Data entries
--- START ---

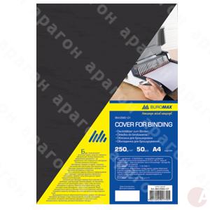 Обложка с фактурной поверхность «под кожу» BUROMAX черного цвета для переплета и профессионального оформления документов. Обеспечивает защиту от механических повреждений (потертости, загрязнения). Плотность - 250 г/м2. Предназначена для переплета формата А4. В упаковке 50 шт.
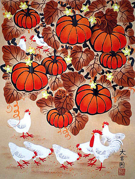 Dajitu тыква курица домашняя спальня украшения каллиграфия и подарки подарки в Shaanxi Huxian Farmers Painting Size 52x38 см.
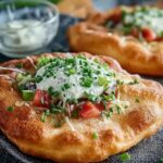 • Serviere die Langos mit Sauerrahm und frischem Schnittlauch für einen köstlichen Geschmack.
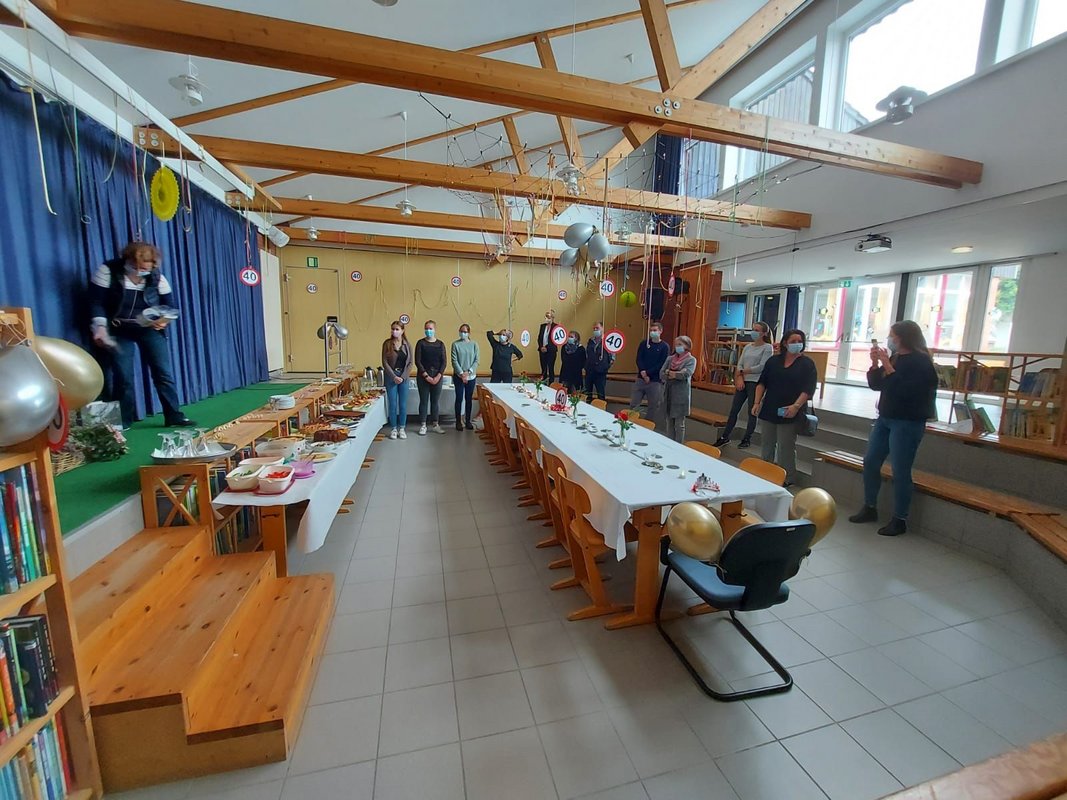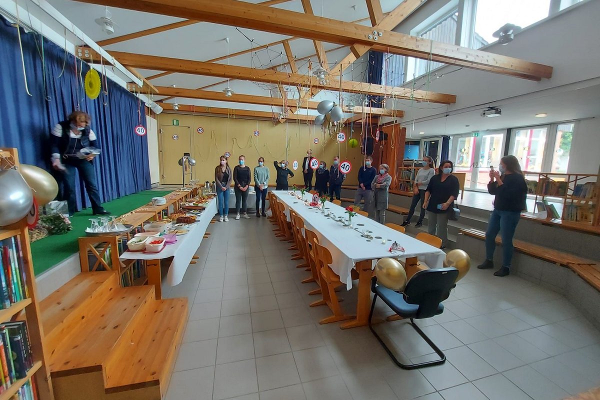 Es stand ein ganz besonderer Tag in der Grundschule Borgstedt an. Nein, es war nicht der Zeugnistag, auch kein Geburtstag und auch nicht der letzte Schultag vor den Ferien. Es war das 40. Dienstjubiläum unserer Frau Haase. Seit 40 Jahren ist sie nun schon Lehrerin und wer glaubt, dass Frau Haase nach so langer Zeit keine Lust mehr auf den Beruf hat, der kennt unsere Frau Haase nicht. Sie geht ihrem Beruf noch immer mit so viel Herzblut und Freude nach, dass Sie unseren Schulalltag jeden Tag aufs Neue in ganz besonderem Maße bereichert und für das gesamte Kollegium ein Vorbild ist. So ein Dienstjubiläum für so eine besondere Lehrerin und Kollegin musste natürlich auch besonders gewürdigt werden. Sprechchöre in der großen Pause, die in ganz Borgstedt zu hören waren, feierliche Worte von der Schulleitung und vom Schulverband sowie eine festlich geschmückte Aula und ein gemütliches Beisammensein im Kollegium brachten Frau Haase zum Staunen.
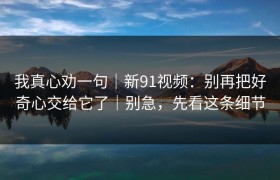 我真心劝一句|新91视频:别再把好奇心交给它了|别急,先看这条细节 如果你和我一样爱刷视频,最近应该...
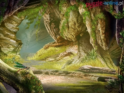 Puzzle Rośliny, Skały, Drzewa, Art
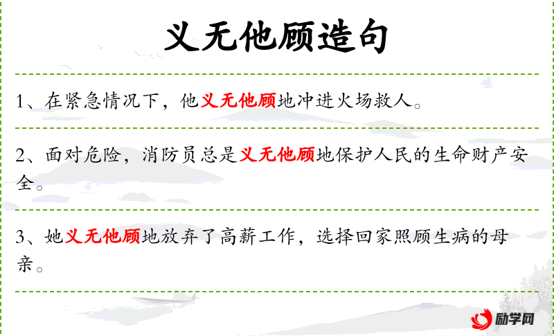 - 义无他顾地:副词短语,表示坚定不移,不顾其他。
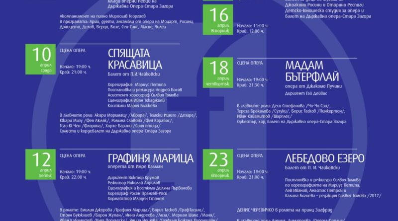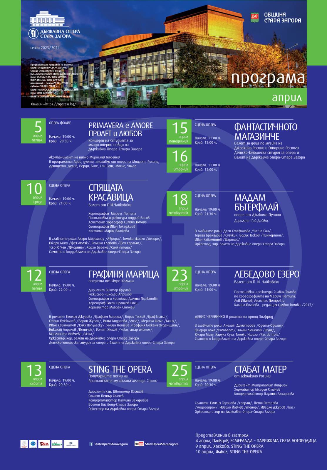 Заповядайте в Държавна опера Стара Загора през месец април 2024г.
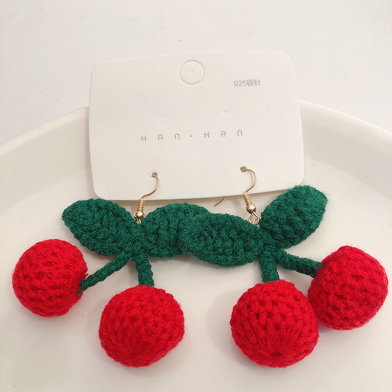 Handmade Cherry Ear Hook Ear Clip Ear Needle Adult Earrings Without Ear Holes Ear Clip Cute Sweet Ear Hook Wholesale
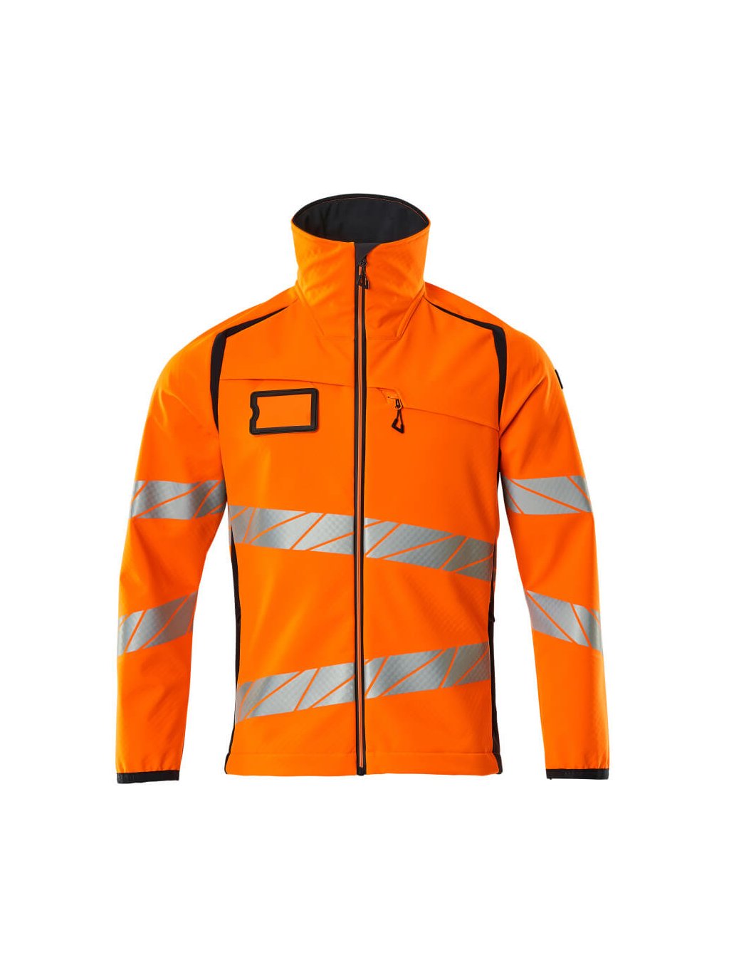 Fluorescenční a s diagonálními odlesky. Prodyšný, větruodolný a vodoodpudivý. Moderní přiléhavý střih s dostatečnou volností pohybu. Stojatý límec. Dvoubarevný. Zapínání na zip a vnitřní ochranný pruh proti povětrnostním vlivům. Náprsní kapsa na zip. Přední kapsy s voděodolnými zipy. Vnitřní kapsy. Elastické zápěstí. Nastavitelný elastický spodní lem. Odnímatelné pouzdro na průkaz totožnosti.
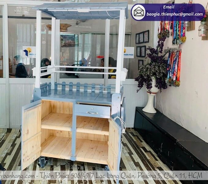 Một chiếc xe gỗ bán trà sữa tốt luôn được thiết kế khoa học: khay đựng nguyên liệu, khu vực để máy dập nắp, ngăn đựng đồ khô, mặt bàn pha chế rộng rãi. Nhờ vậy, bạn thao tác nhanh hơn, phục vụ khách hiệu quả hơn, tạo sự chuyên nghiệp trong từng chi tiết.
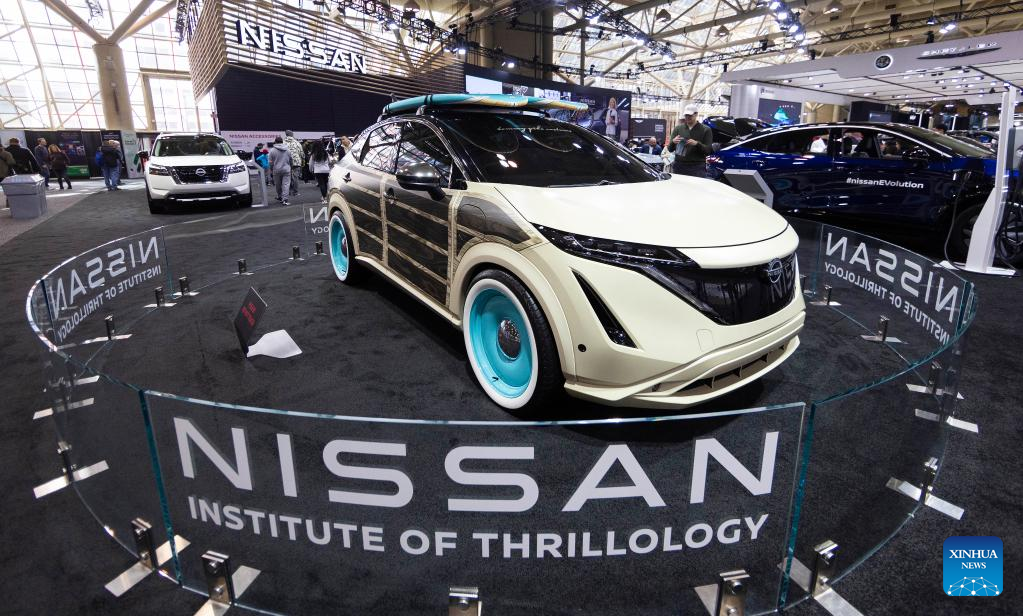 A Nissan Ariya Surfwagon concept electric vehicle is seen during the 2023 Canadian International AutoShow in Toronto, Canada on Feb. 17, 2023. Showcasing the latest cars, trucks, SUVs, concept cars, exotics, electric vehicles and more, the annual 10-day autoshow kicked off here on Friday. (Photo by Zou Zheng/Xinhua)
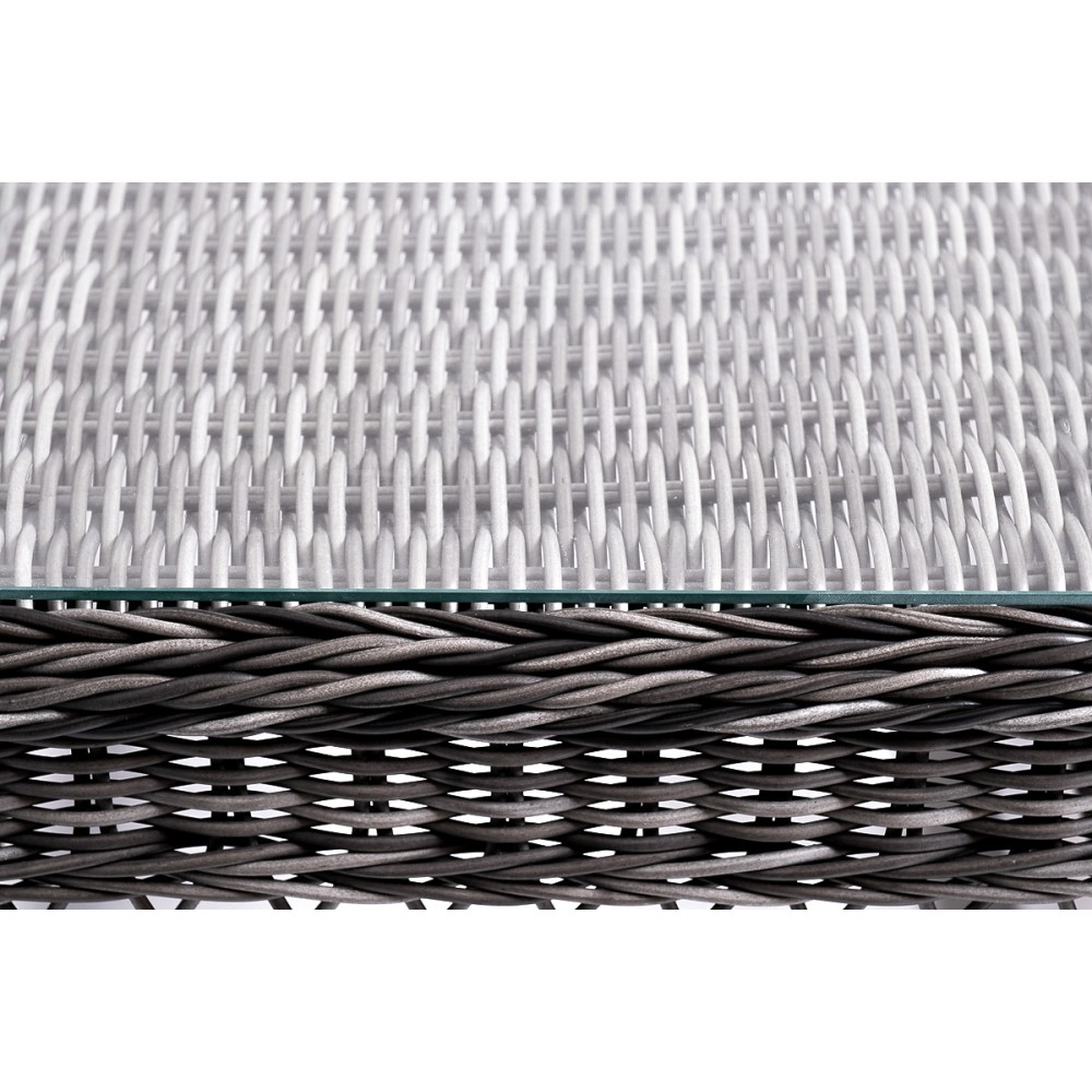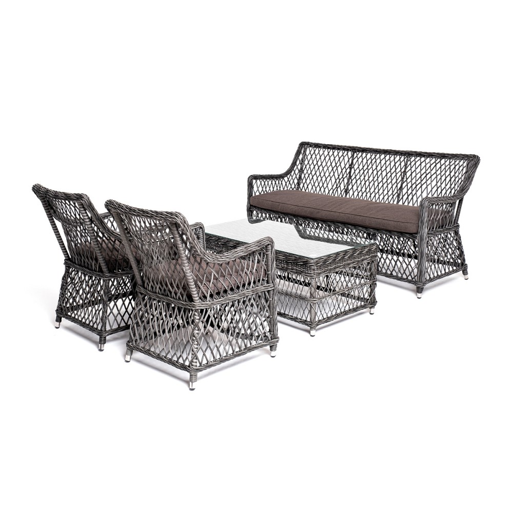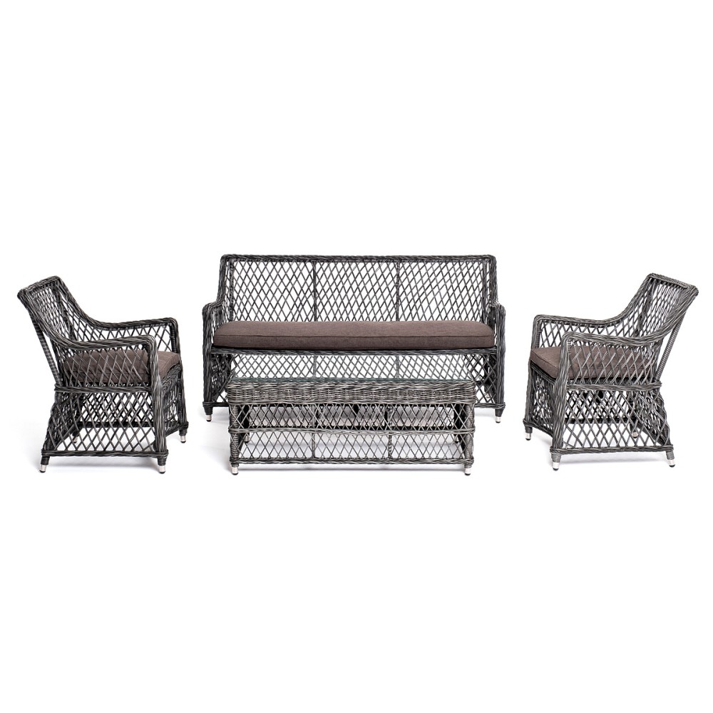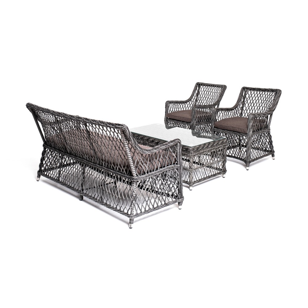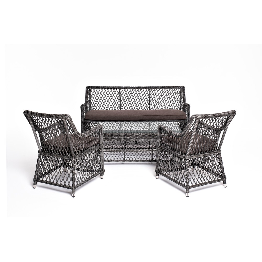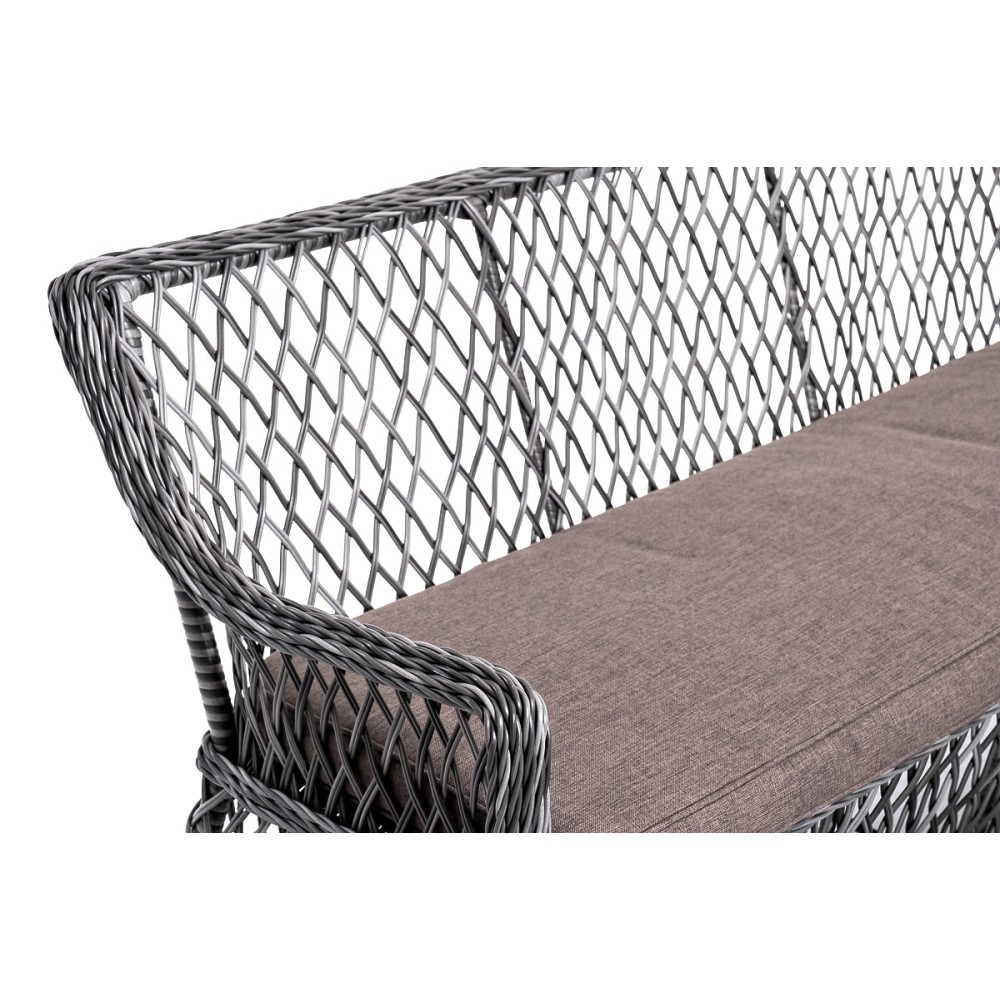 Оплетка выполнена вручную искусственным ротангом в цвете графит, диван и кресло укомплектованы подушками из 100% полиэстера, которые пропитаны специальным составом, обладающим влагоотталкивающим свойством.
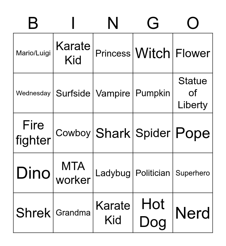 This bingo card has 25 words: Dino, Grandma, Shark, Hot Dog, Flower, Mario/Luigi, Karate Kid, Princess, Spider, Superhero, Wednesday, Surfside, Karate Kid, Politician, Statue of Liberty, Shrek, Cowboy, Vampire, Pumpkin, Pope, Fire fighter, MTA worker, Ladybug, Witch and Nerd.
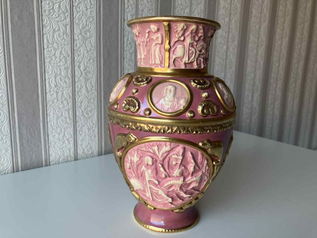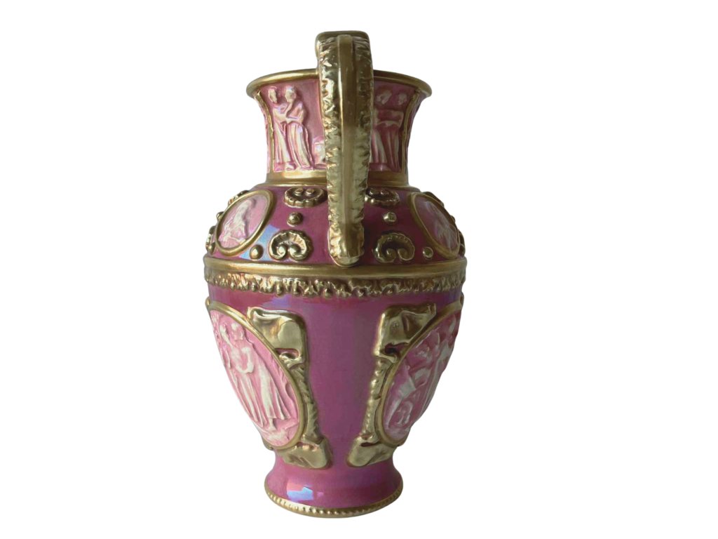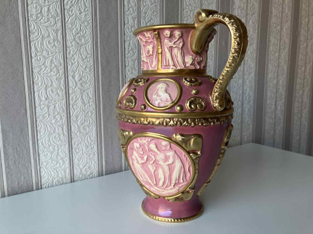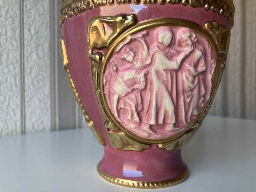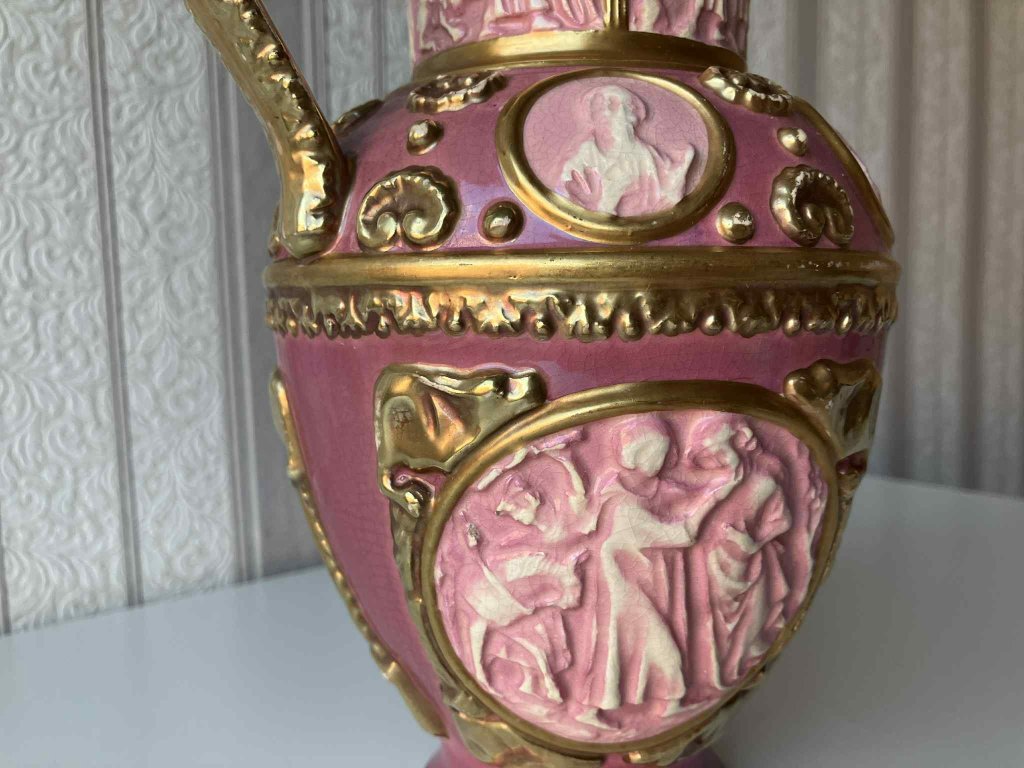 Rózsaszín mázzal, gazdag aranyozással, középkori ihletésű metszetekkel.

--- END ---

## Work task
Every line above from the one with "- 义无他顾地:副词短语,表示坚定不移,不顾其他。" down to the one with "Handmade Cherry Ear" must be written out exactly, and no picture may appear.

## Reply to the task
 - 义无他顾地:副词短语,表示坚定不移,不顾其他。
 Заповядайте в Държавна опера Стара Загора през месец април 2024г.
 Handmade Cherry Ear Hook Ear Clip Ear Needle Adult Earrings Without Ear Holes Ear Clip Cute Sweet Ear Hook Wholesale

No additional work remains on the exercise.